**PROVIDED INFORMATION:**
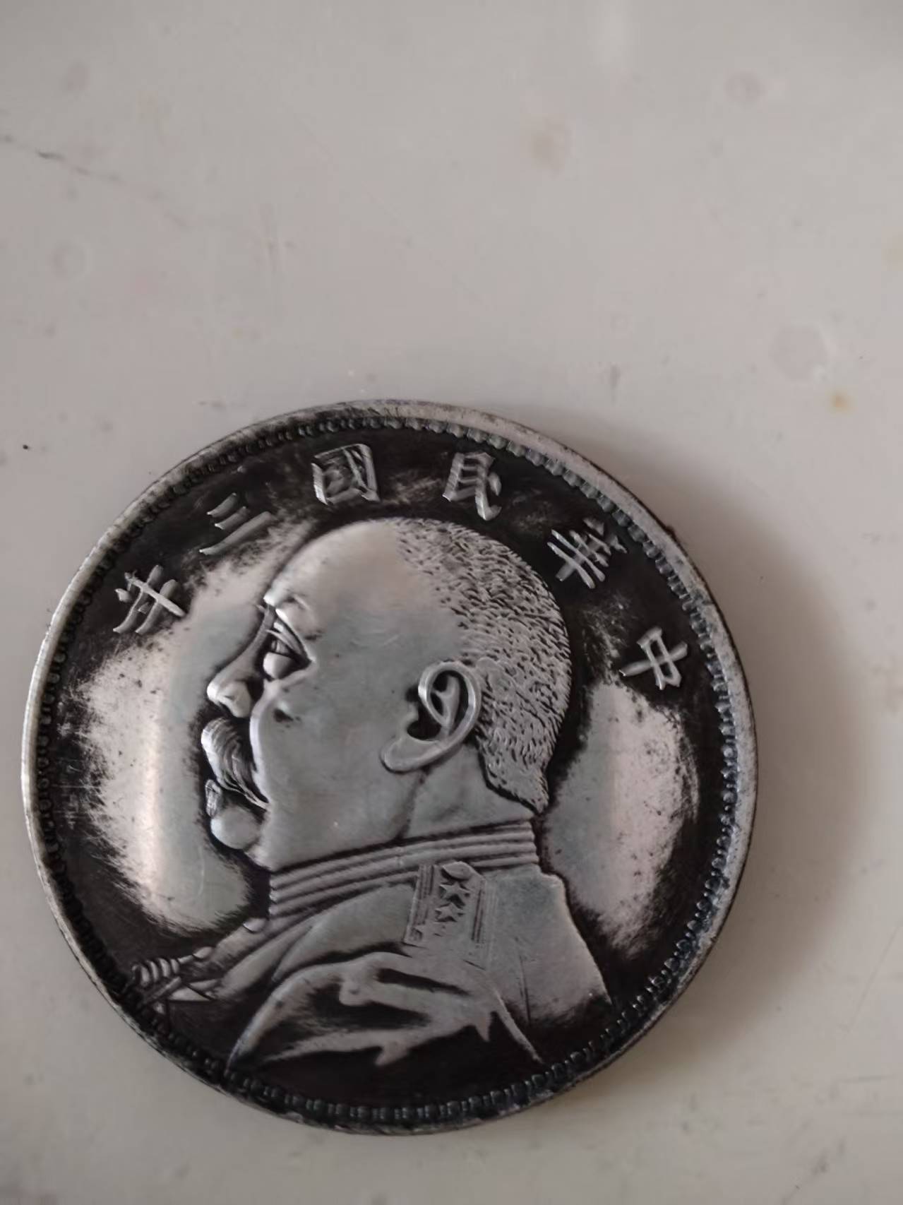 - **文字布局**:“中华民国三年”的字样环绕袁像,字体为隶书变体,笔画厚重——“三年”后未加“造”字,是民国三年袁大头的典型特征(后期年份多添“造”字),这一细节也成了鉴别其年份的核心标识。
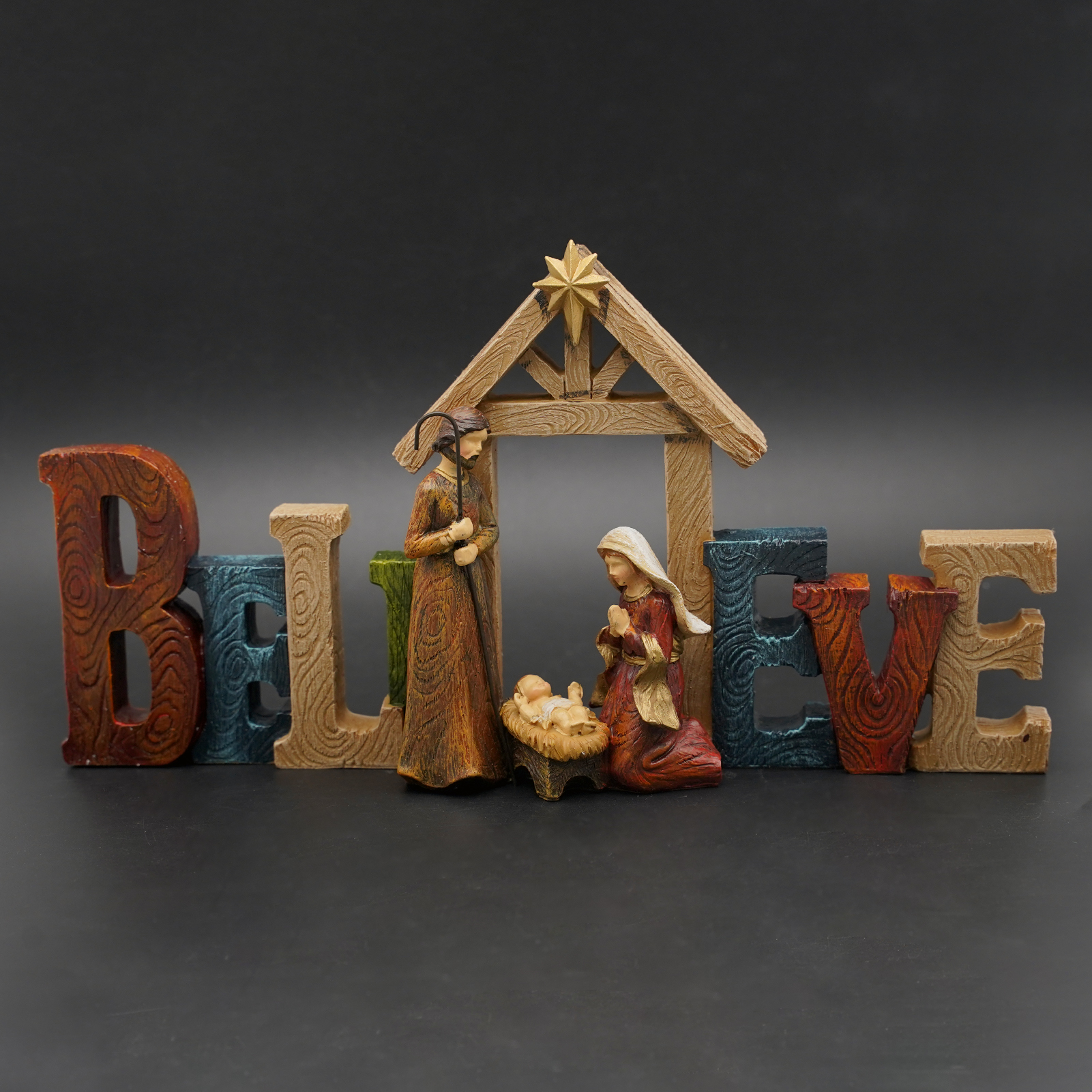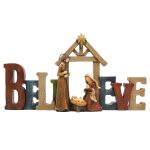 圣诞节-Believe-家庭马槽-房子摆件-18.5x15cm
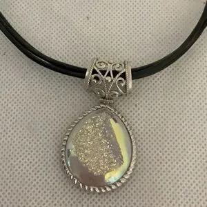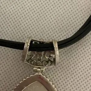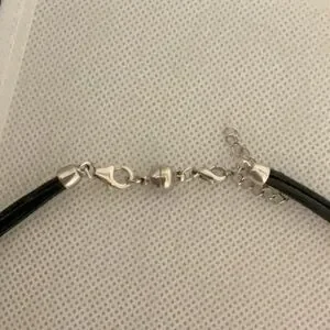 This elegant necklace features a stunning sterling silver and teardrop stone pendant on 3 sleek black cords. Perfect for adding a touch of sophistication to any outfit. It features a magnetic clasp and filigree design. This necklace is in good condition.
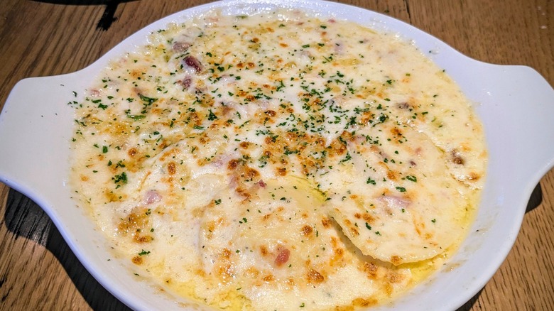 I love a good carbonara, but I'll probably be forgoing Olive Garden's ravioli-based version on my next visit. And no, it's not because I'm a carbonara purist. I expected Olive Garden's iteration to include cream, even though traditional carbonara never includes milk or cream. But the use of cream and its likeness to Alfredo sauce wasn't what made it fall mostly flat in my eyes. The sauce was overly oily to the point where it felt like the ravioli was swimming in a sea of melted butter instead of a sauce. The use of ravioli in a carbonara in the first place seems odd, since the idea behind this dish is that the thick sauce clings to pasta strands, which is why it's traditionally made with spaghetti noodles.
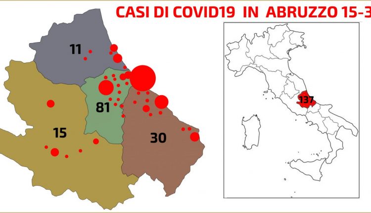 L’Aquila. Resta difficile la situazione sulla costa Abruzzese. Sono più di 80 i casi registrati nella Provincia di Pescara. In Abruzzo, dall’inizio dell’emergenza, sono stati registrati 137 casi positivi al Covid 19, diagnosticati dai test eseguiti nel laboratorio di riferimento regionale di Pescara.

**ACTIVITY:** From the first line to the last, output the records exactly without pictures.

**ANSWER:**
 - **文字布局**:“中华民国三年”的字样环绕袁像,字体为隶书变体,笔画厚重——“三年”后未加“造”字,是民国三年袁大头的典型特征(后期年份多添“造”字),这一细节也成了鉴别其年份的核心标识。
 圣诞节-Believe-家庭马槽-房子摆件-18.5x15cm
 This elegant necklace features a stunning sterling silver and teardrop stone pendant on 3 sleek black cords. Perfect for adding a touch of sophistication to any outfit. It features a magnetic clasp and filigree design. This necklace is in good condition.
 I love a good carbonara, but I'll probably be forgoing Olive Garden's ravioli-based version on my next visit. And no, it's not because I'm a carbonara purist. I expected Olive Garden's iteration to include cream, even though traditional carbonara never includes milk or cream. But the use of cream and its likeness to Alfredo sauce wasn't what made it fall mostly flat in my eyes. The sauce was overly oily to the point where it felt like the ravioli was swimming in a sea of melted butter instead of a sauce. The use of ravioli in a carbonara in the first place seems odd, since the idea behind this dish is that the thick sauce clings to pasta strands, which is why it's traditionally made with spaghetti noodles.
 L’Aquila. Resta difficile la situazione sulla costa Abruzzese. Sono più di 80 i casi registrati nella Provincia di Pescara. In Abruzzo, dall’inizio dell’emergenza, sono stati registrati 137 casi positivi al Covid 19, diagnosticati dai test eseguiti nel laboratorio di riferimento regionale di Pescara.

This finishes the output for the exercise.